Exercise requirements> Leaving out the pictures, retype exactly the lines from the one holding "1月22日,游客在黑龍江扎龍國家級(jí)自然保護(hù)區(qū)拍攝丹頂鶴。(新華社發(fā) 何華文 攝)" through the end of the material.

Data shown>
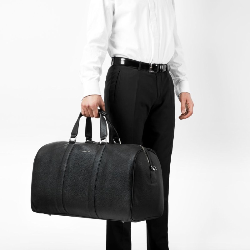 Дорожная сумка Hamilton от Cerruti 1881 сделана из очень мягкого материала с черной зернистостью. Надпись Cerruti 1881 из блестящего хромированного металла аккуратно размещена по центру верхней части сумки. На съемном ремешке вытканен логотип Cerruti 1881. Этот предмет является классическим must-have для всех видов небольших путешествий.
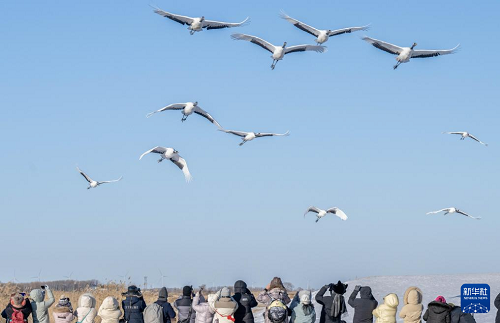 1月22日,游客在黑龍江扎龍國家級(jí)自然保護(hù)區(qū)拍攝丹頂鶴。(新華社發(fā) 何華文 攝)
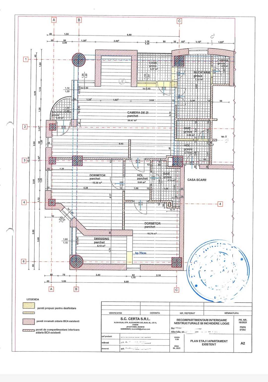 Proprietar, ofer spre vânzare un apartament deosebit cu 3 camere, semi finisat, situat la etajul 1 al unui imobil din Centru cu acces facil la mijloace de transport public, magazine, instituții publice, cetatea Alba Carolina și zone de agrement IMOBILUL este construit în perioada '92-'95, este prevăzut cu lift, beci cu 1 boxă pentru fiecare apartament, cu loc de depozitare pentru biciclete, 1 balcon comun pentru fiecare etaj (3 ap). APARTAMENTUL are 85mp utili, compartimentați astfel 1 Living luminos și generos. 2 Dormitoare din care unul prevazut cu dresing. 1 Bucătărie + 1 cămară 2 Balcoane 1 loc de luat masa 2 Băi DOTĂRI centrală termică geamuri termopane. Apartamentul are proiect si autorizatie pentru renovare si recompart imentare prevazut cu sistem de incalzire in pardoseala Bjorn (achizitionat deja) oferind posibilitatea realizarii finisajelor dupa propriul gust. Telefon 07 81
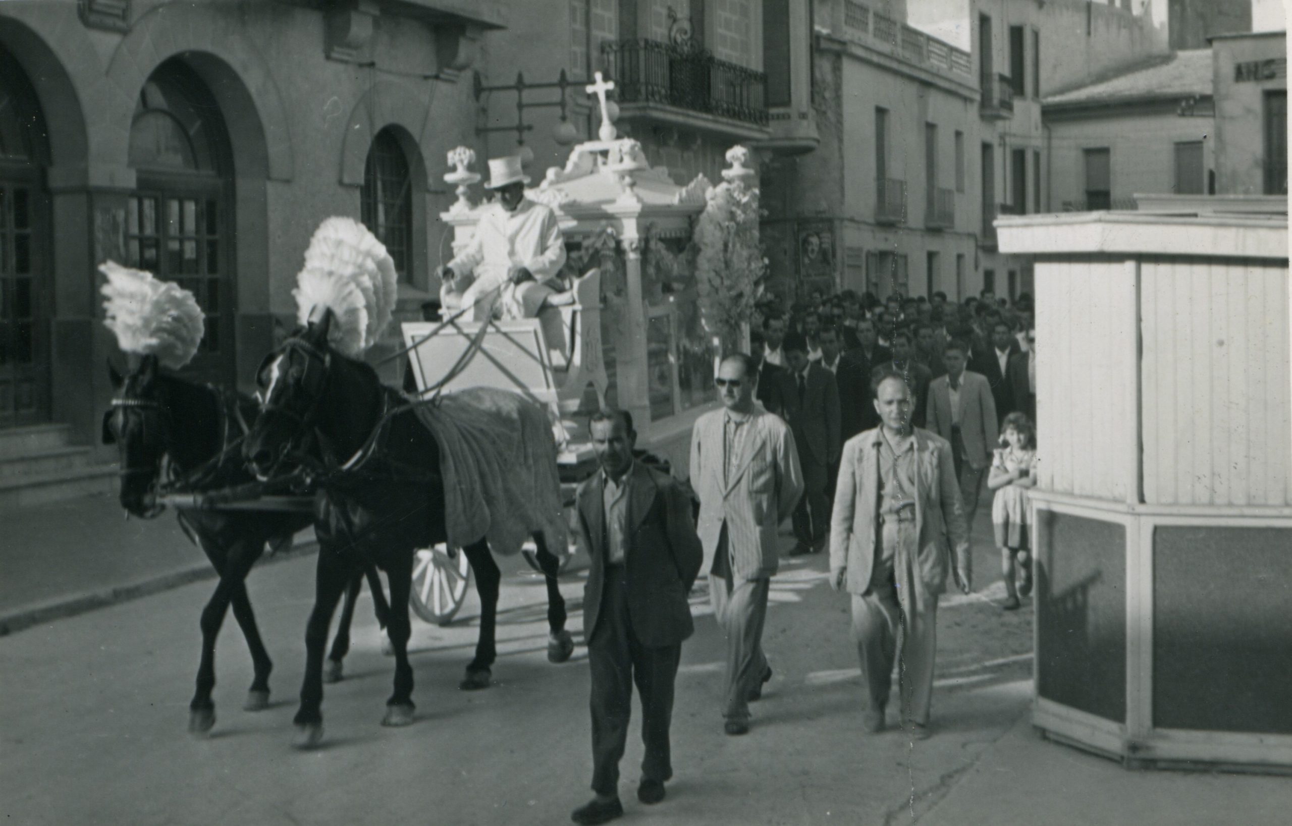 El número de caballos, dos o más, dependía de la categoría de la persona, pero normalmente era de dos. Según las fotos que nos han proporcionado, había tres coches fúnebres, con diferente grado de ornamentación. Si el entierro era de un mortitxol, era todo de color blanco: el féretro, las flores, la carroza, la vestimenta del conductor y la guarnición o adornos de los caballos. Las cintas blancas de las coronas las llevaban los niños y niñas que participaban en el funeral.

Written answer>
 1月22日,游客在黑龍江扎龍國家級(jí)自然保護(hù)區(qū)拍攝丹頂鶴。(新華社發(fā) 何華文 攝)
 Proprietar, ofer spre vânzare un apartament deosebit cu 3 camere, semi finisat, situat la etajul 1 al unui imobil din Centru cu acces facil la mijloace de transport public, magazine, instituții publice, cetatea Alba Carolina și zone de agrement IMOBILUL este construit în perioada '92-'95, este prevăzut cu lift, beci cu 1 boxă pentru fiecare apartament, cu loc de depozitare pentru biciclete, 1 balcon comun pentru fiecare etaj (3 ap). APARTAMENTUL are 85mp utili, compartimentați astfel 1 Living luminos și generos. 2 Dormitoare din care unul prevazut cu dresing. 1 Bucătărie + 1 cămară 2 Balcoane 1 loc de luat masa 2 Băi DOTĂRI centrală termică geamuri termopane. Apartamentul are proiect si autorizatie pentru renovare si recompart imentare prevazut cu sistem de incalzire in pardoseala Bjorn (achizitionat deja) oferind posibilitatea realizarii finisajelor dupa propriul gust. Telefon 07 81
 El número de caballos, dos o más, dependía de la categoría de la persona, pero normalmente era de dos. Según las fotos que nos han proporcionado, había tres coches fúnebres, con diferente grado de ornamentación. Si el entierro era de un mortitxol, era todo de color blanco: el féretro, las flores, la carroza, la vestimenta del conductor y la guarnición o adornos de los caballos. Las cintas blancas de las coronas las llevaban los niños y niñas que participaban en el funeral.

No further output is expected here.